Copy, word for word, the lines below from the one containing "Description: For sale" up to and including the one containing "July 20, 2015I", with pictures left out.

*** Opening of DATA FOR THIS EXERCISE ***

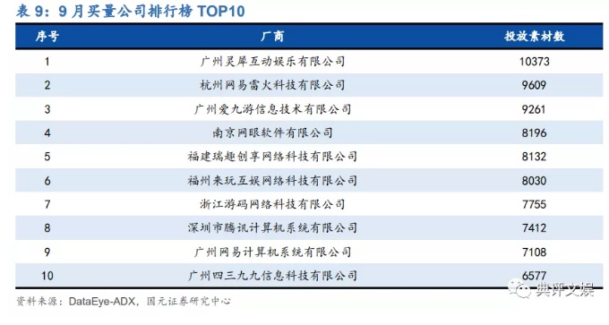 9月投放厂商排行榜方面,阿里游戏、网易游戏占据前两位。9月买量公司主体榜单的TOP3为广州灵犀互动娱乐有限公司、杭州网易雷火科技有限公司以及广州爱九游信息技术有限公司,三家公司当月的素材投放量分别为10373组、9609组和9261组;阿里旗下的灵犀互娱,其主投游戏为《三国志幻想大陆》、《三国志·战略版》两款三国题材手游,在买量榜单上紧随阿里游戏之后的网易公司,其主投产品则是《梦幻西游》、《大话西游》和《阴阳师:妖怪屋》;爱九游的主投游戏亦是《三国志·战略版》和《三国志幻想大陆》两款三国题材游戏。
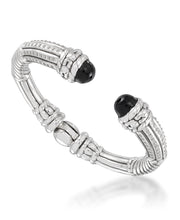 Diamond Accent Sculpted Bracelet with Black Enamel Cabachons-Platinum over Sterling Silver
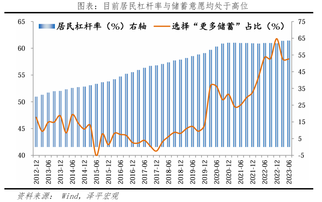 二是房地产市场预期不稳,居民购房加杠杆意愿低,居民存款难以向企业存款转化,货币交换受阻。2022年以来,货币流通速度与房屋价格关系较为密切,而房贷也是居民负债最重要的构成部分。过去十年间,居民杠杆率由2013Q4的33.5%上升至2022Q4的61.9%,同时选择“更多储蓄”的比例也由47.4%上升至61.8%。这体现出居民负债压力较大,风险偏好较低,购房加杠杆意愿较弱,居民存款难以向企业存款转化,两大部门间的货币交换受阻,拉低V。
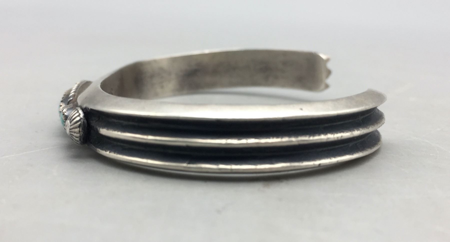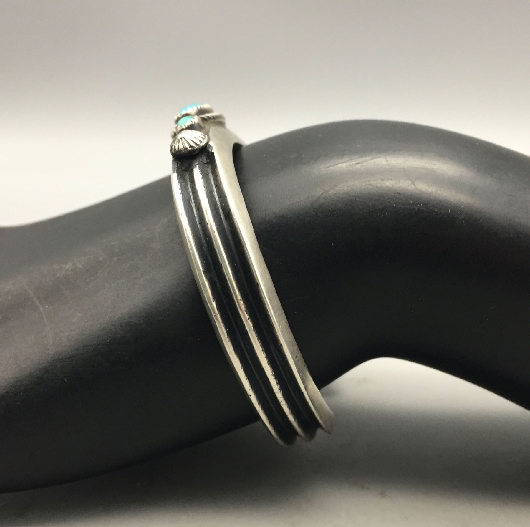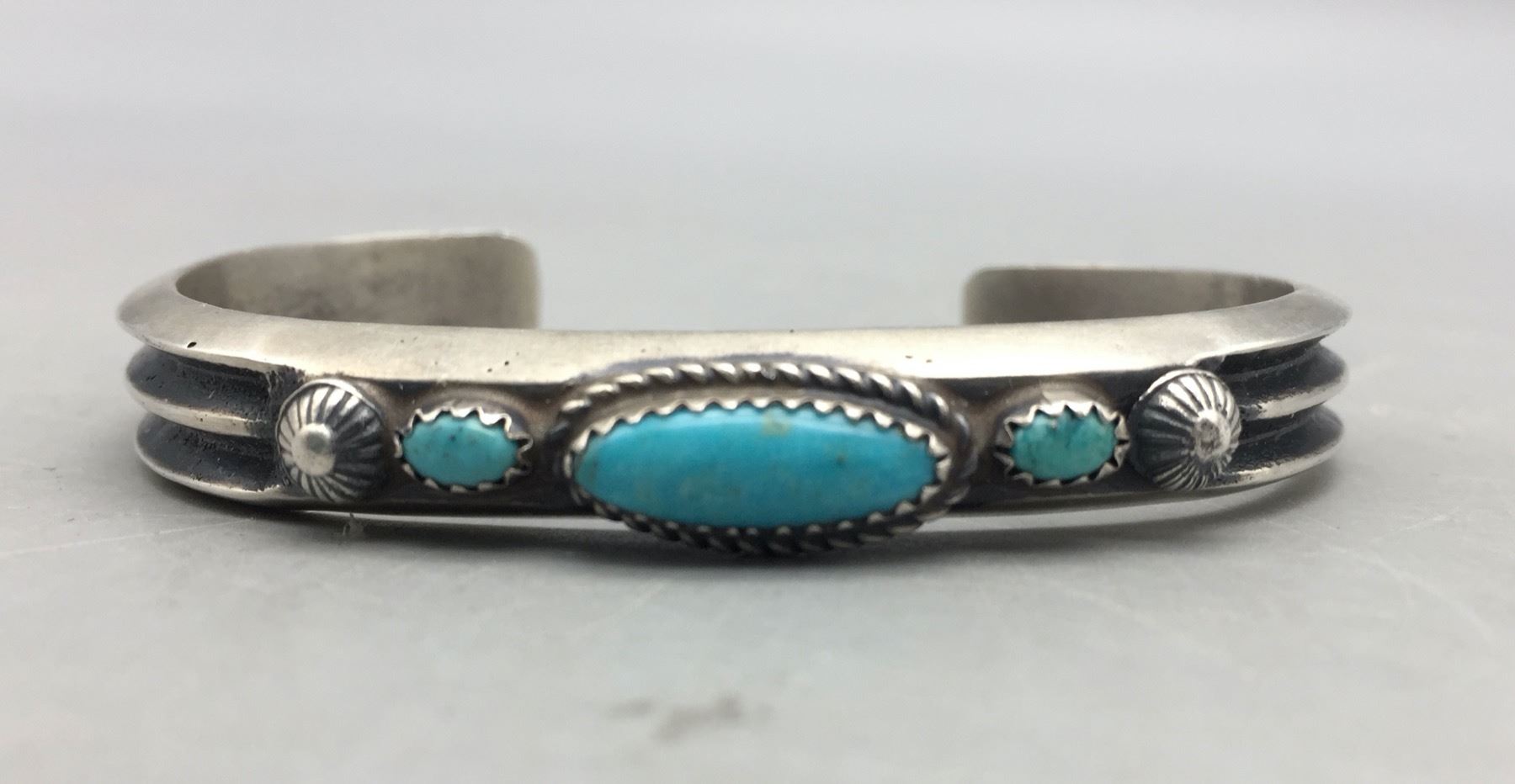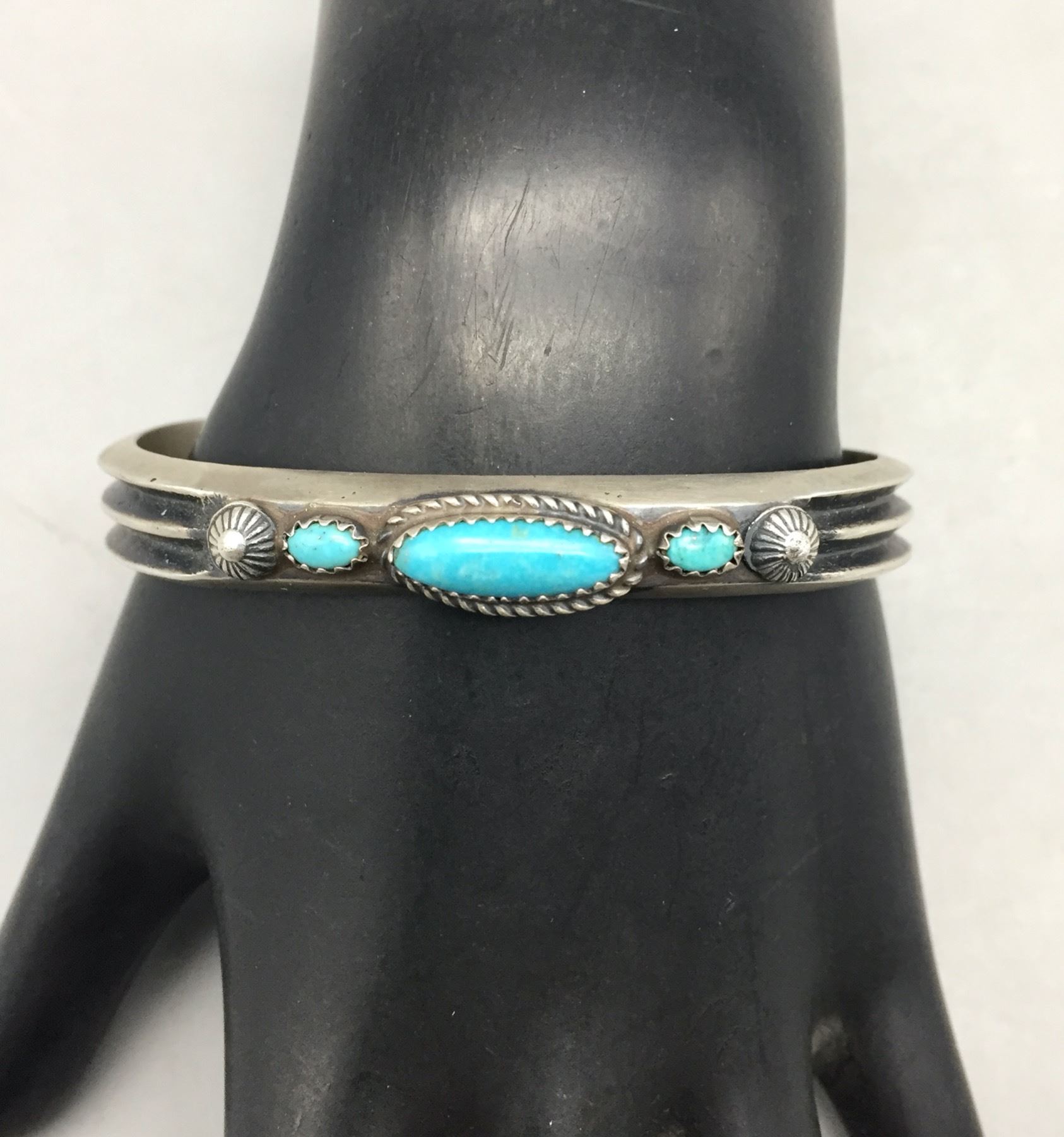 Description: For sale in this lot is a deeply channeled sterling silver bracelet set with three turquoise stones. Bracelet is stamped as sterling silver. Maker: Hallmarked SM. Approx. Age: Modern. Size: Inside circumference measures 5-1/2†long. Opening is additional 1-1/4â€, fitting a 6-3/4†wrist. Width is 3/8â€. Weighs 37 grams. Condition: Good for its age, normal wear expected. Please look closely at the pictures - they are an important part of our description. Shipping: There will be a $5 handling / packaging fee for shipping this lot. The actual cost of postage will be added on top of that.
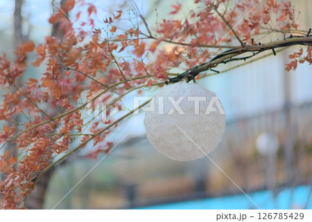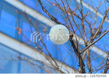 街道樹木上裝飾的冬季照明球
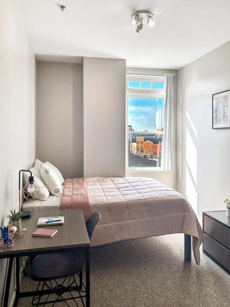 July 20, 2015I give this apartment building a 4/5 because of mainly the location and the modern style of the apartments. I've found so far that Ann Arbor's monthly rent is pretty pricey compared to other college towns and cities, but this apartment is in such a prime location it's insane! The apartments are a little on the more compact side for the rent price but the location right at State and Washington trumps the apartment space. It is so close to all city sites, shops, bars, etc. It makes being a college ...student so easy.Leer MásReseña de Apartments.com
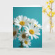 This design shows a close-up cluster of cheerful white-petaled flowers with sunny yellow centers set against a smooth teal background. The nearest blooms are sharply detailed, while the flowers farther back soften into a gentle blur, like friends leaning close while the rest of the room fades away ❤️. Soft, diffused light glides across the petals, bringing out fine textures and slight curves that feel tender and calm. The contrast between the bright yellow centers and the white petals adds a warm spark, as if the blossoms are sharing a quiet, affectionate glance. A short greeting appears near the top in small white lettering, and a second line sits near the bottom in a matching style for balance 🌼. The words stay subtle so the flowers remain the main focus, with plenty of open teal space around them. Several petals overlap in the foreground, and the teal background stretches evenly behind the blooms with no other objects in view.

*** Close of DATA FOR THIS EXERCISE ***

- YOUR SOLUTION
 Description: For sale in this lot is a deeply channeled sterling silver bracelet set with three turquoise stones. Bracelet is stamped as sterling silver. Maker: Hallmarked SM. Approx. Age: Modern. Size: Inside circumference measures 5-1/2†long. Opening is additional 1-1/4â€, fitting a 6-3/4†wrist. Width is 3/8â€. Weighs 37 grams. Condition: Good for its age, normal wear expected. Please look closely at the pictures - they are an important part of our description. Shipping: There will be a $5 handling / packaging fee for shipping this lot. The actual cost of postage will be added on top of that.
 街道樹木上裝飾的冬季照明球
 July 20, 2015I give this apartment building a 4/5 because of mainly the location and the modern style of the apartments. I've found so far that Ann Arbor's monthly rent is pretty pricey compared to other college towns and cities, but this apartment is in such a prime location it's insane! The apartments are a little on the more compact side for the rent price but the location right at State and Washington trumps the apartment space. It is so close to all city sites, shops, bars, etc. It makes being a college ...student so easy.Leer MásReseña de Apartments.com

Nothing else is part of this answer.